* [Aim of the exercise]
Your reply should consist of the entries, copied exactly and stripped of images.

##### Data supplied #####

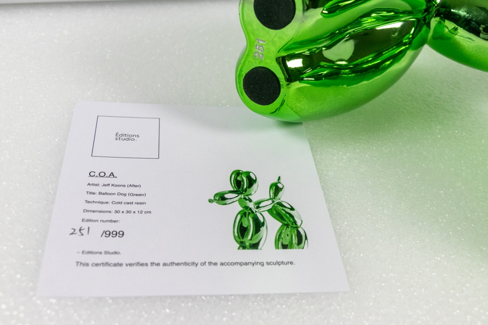 Resin sculpture by Jeff Koons, published by Éditions Studio. Edition limited to 999 pieces, of which this number is 251.
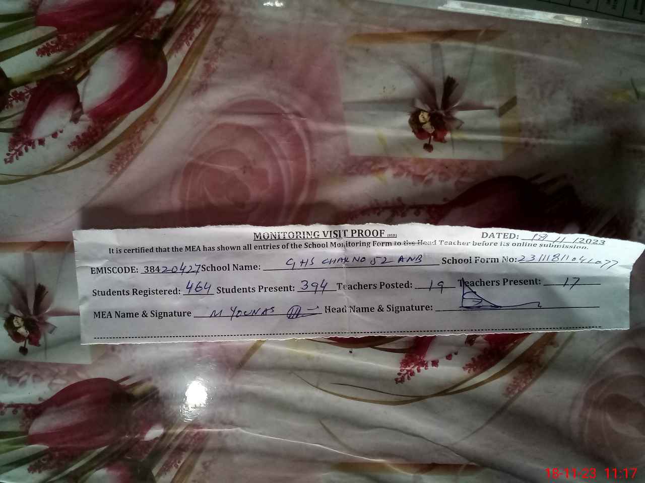| EMIS Code: 38420427 | Name of School: GHS CHAK NO.52 ANB | |||
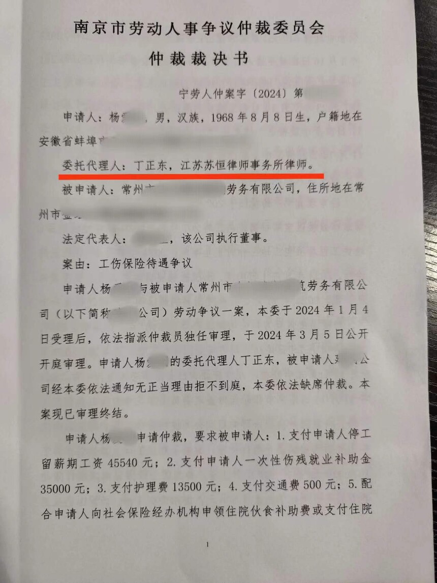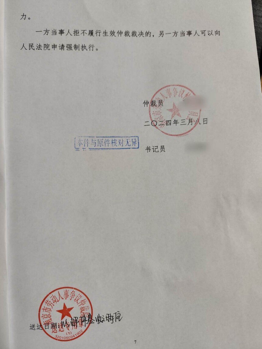 南京市劳动仲裁裁决书
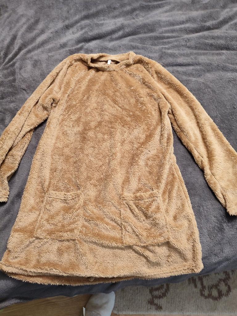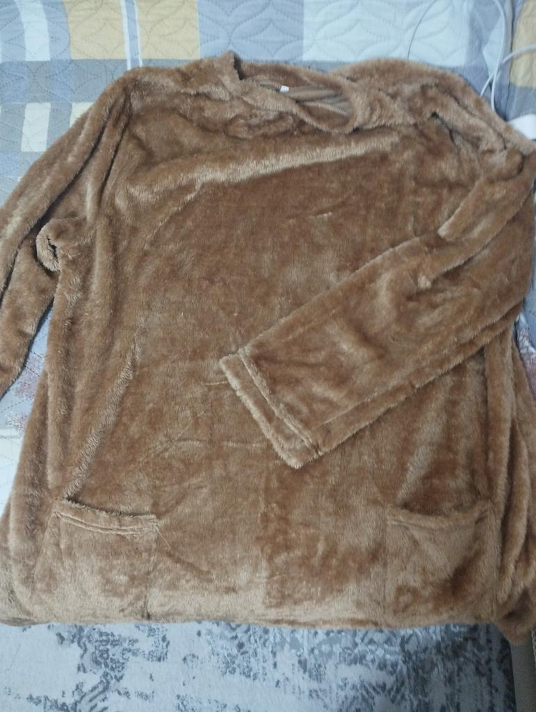 Fleece sweatshirt without hood with two front pockets. ππ₯° The fabric is soft, comfortable, plush and pleasant on the skin. ππ It does not contain cotton but is made of polyester and spandex. ππ The XXXL measures 90 cm long but only 118 cm bust. ππ‘ The finishes are not very neat and the model is magnifying. ππ€
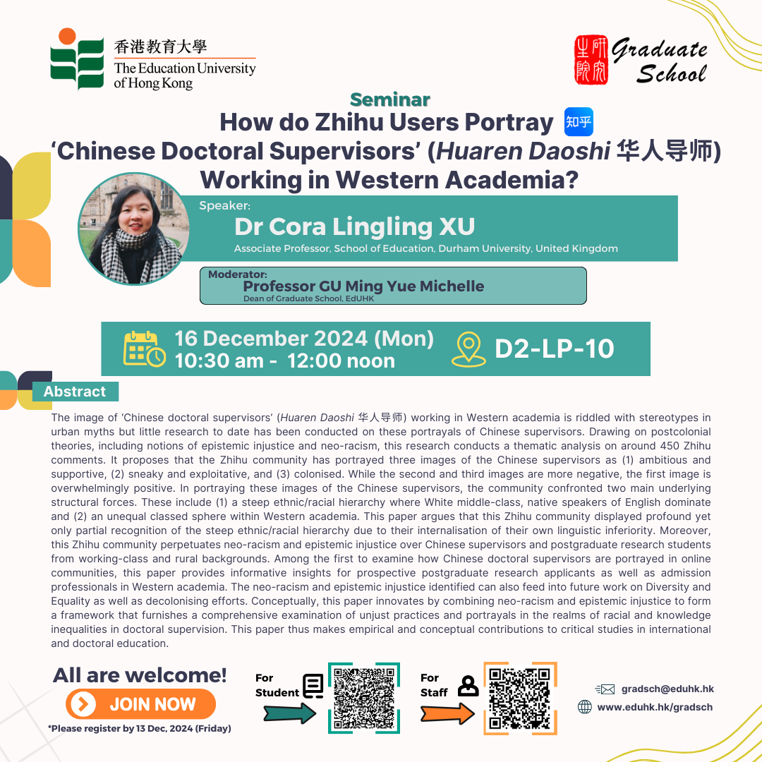 [16 Dec] Seminar: How do Zhihu Users Portray ‘Chinese Doctoral Supervisors’ (Huaren Daoshi 华人导师) Working in Western Academia?
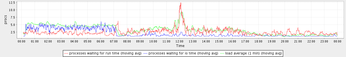 avg(processes waiting for run time) = 1.65 avg(processes waiting for io time) = 1.27 avg(load average (1 min)) = 3.24
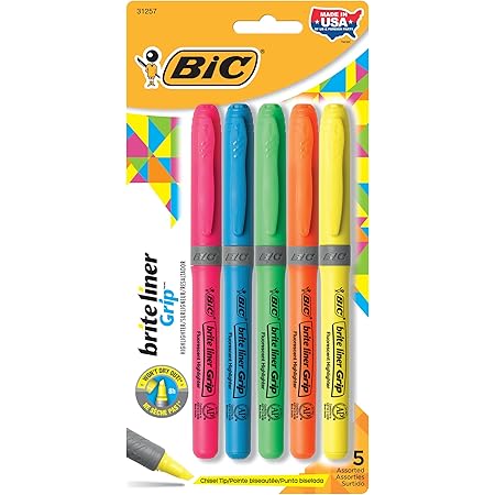 Amazon Com Bic Highlighter Fluorescent Pens Assorted Colours Pack Of 5 Office Products
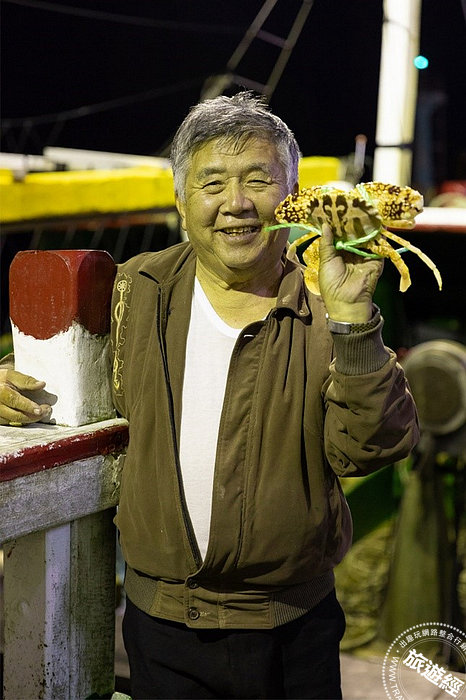 郭忠船長手持花蟹笑著看鏡頭
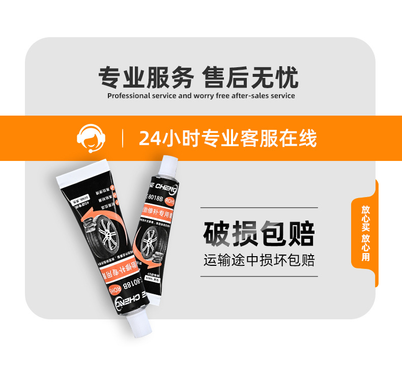 越境特別供給英語版タイヤ修理特殊接着剤車のタイヤサイド破損修理接着剤防水充填
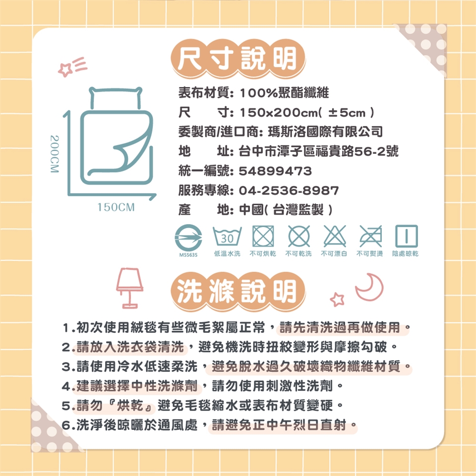 ※注意事項:產品需低溫水洗、陰處晾乾。不可烘乾、不可乾洗、不可漂白、不可熨燙
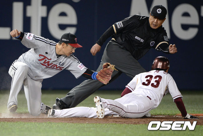 5회말 1사 1,3루 LG 손주인이 유강남의 견제구때 넥센 유재신을 태그아웃으로 잡아내위해 태그를 시도하고 있다.
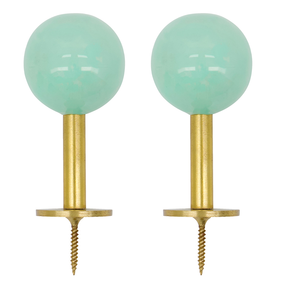 Set de 2 perchas de pared en verde agua y latón. Con diseño redondo y brillante, fabricadas en acrílico e hierro, aportan frescura y estilo mientras resultan prácticas para organizar bolsos, bufandas o toallas.
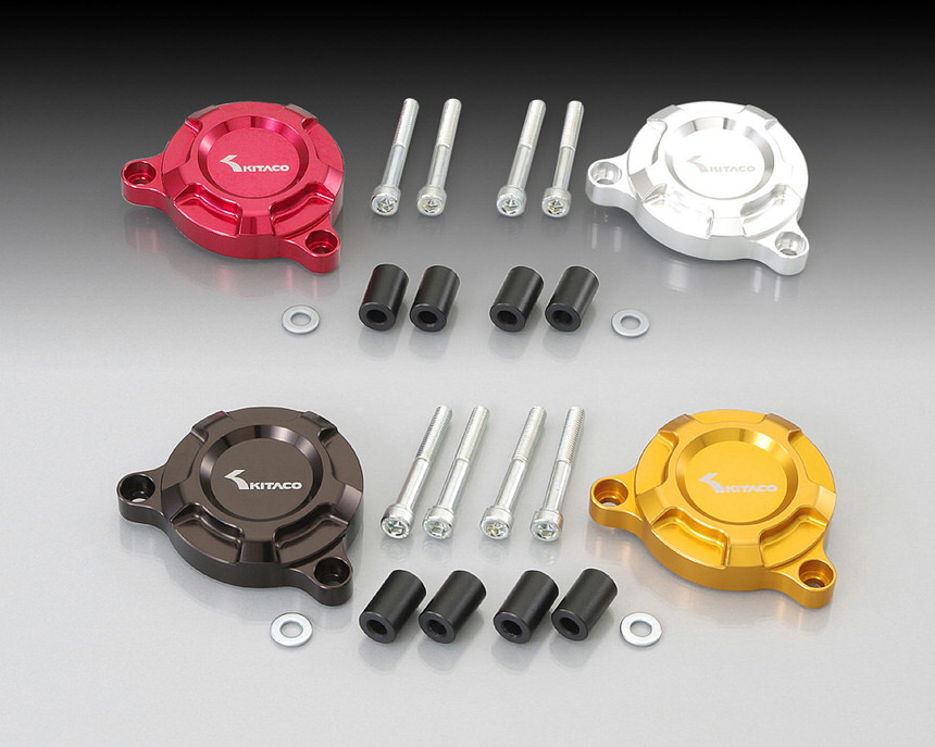 セルモーターも削り出しでドレスアップ。お洒落にアルミ削り出しでセルモーターをカバー。アルミ削り出しアルマイト仕上げ装着ボルト、カラー付属
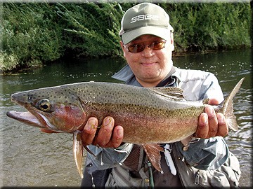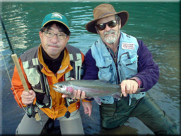 川では30cm位の小型が活発で、50cmクラスは日に5匹位、ブラウンは取れたがレインボーの大型は4Xでバラした。湖は3Xで50cm超を10匹強,バラシ3匹。天気がコロコロ変わり、後半は川が濁り、結果、ドライ、ニンフ、ウエット、と川で、湖でと色んな釣が出来大変楽しかった。これも良いガイドがいればこその釣行でした。
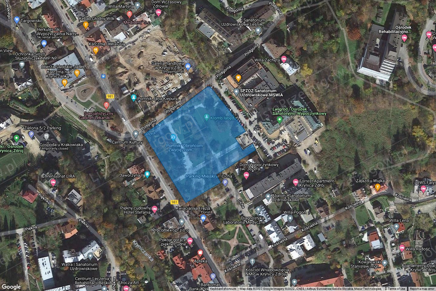 1/2 w nieruchomości gruntowej objętej Księgą Wieczystą nr XXXX/XXXXXXXX/X stanowiącej działkę nr 1416 o powierzchni 0,0223 ha zlokalizowaną w Krynicy Wieś,

#####

* [Exercise solution]
 Resin sculpture by Jeff Koons, published by Éditions Studio. Edition limited to 999 pieces, of which this number is 251.
| EMIS Code: 38420427 | Name of School: GHS CHAK NO.52 ANB | |||
 南京市劳动仲裁裁决书
 Fleece sweatshirt without hood with two front pockets. ππ₯° The fabric is soft, comfortable, plush and pleasant on the skin. ππ It does not contain cotton but is made of polyester and spandex. ππ The XXXL measures 90 cm long but only 118 cm bust. ππ‘ The finishes are not very neat and the model is magnifying. ππ€
 [16 Dec] Seminar: How do Zhihu Users Portray ‘Chinese Doctoral Supervisors’ (Huaren Daoshi 华人导师) Working in Western Academia?
 avg(processes waiting for run time) = 1.65 avg(processes waiting for io time) = 1.27 avg(load average (1 min)) = 3.24
 Amazon Com Bic Highlighter Fluorescent Pens Assorted Colours Pack Of 5 Office Products
 郭忠船長手持花蟹笑著看鏡頭
 越境特別供給英語版タイヤ修理特殊接着剤車のタイヤサイド破損修理接着剤防水充填
 ※注意事項:產品需低溫水洗、陰處晾乾。不可烘乾、不可乾洗、不可漂白、不可熨燙
 5회말 1사 1,3루 LG 손주인이 유강남의 견제구때 넥센 유재신을 태그아웃으로 잡아내위해 태그를 시도하고 있다.
 Set de 2 perchas de pared en verde agua y latón. Con diseño redondo y brillante, fabricadas en acrílico e hierro, aportan frescura y estilo mientras resultan prácticas para organizar bolsos, bufandas o toallas.
 セルモーターも削り出しでドレスアップ。お洒落にアルミ削り出しでセルモーターをカバー。アルミ削り出しアルマイト仕上げ装着ボルト、カラー付属
 川では30cm位の小型が活発で、50cmクラスは日に5匹位、ブラウンは取れたがレインボーの大型は4Xでバラした。湖は3Xで50cm超を10匹強,バラシ3匹。天気がコロコロ変わり、後半は川が濁り、結果、ドライ、ニンフ、ウエット、と川で、湖でと色んな釣が出来大変楽しかった。これも良いガイドがいればこその釣行でした。
 1/2 w nieruchomości gruntowej objętej Księgą Wieczystą nr XXXX/XXXXXXXX/X stanowiącej działkę nr 1416 o powierzchni 0,0223 ha zlokalizowaną w Krynicy Wieś,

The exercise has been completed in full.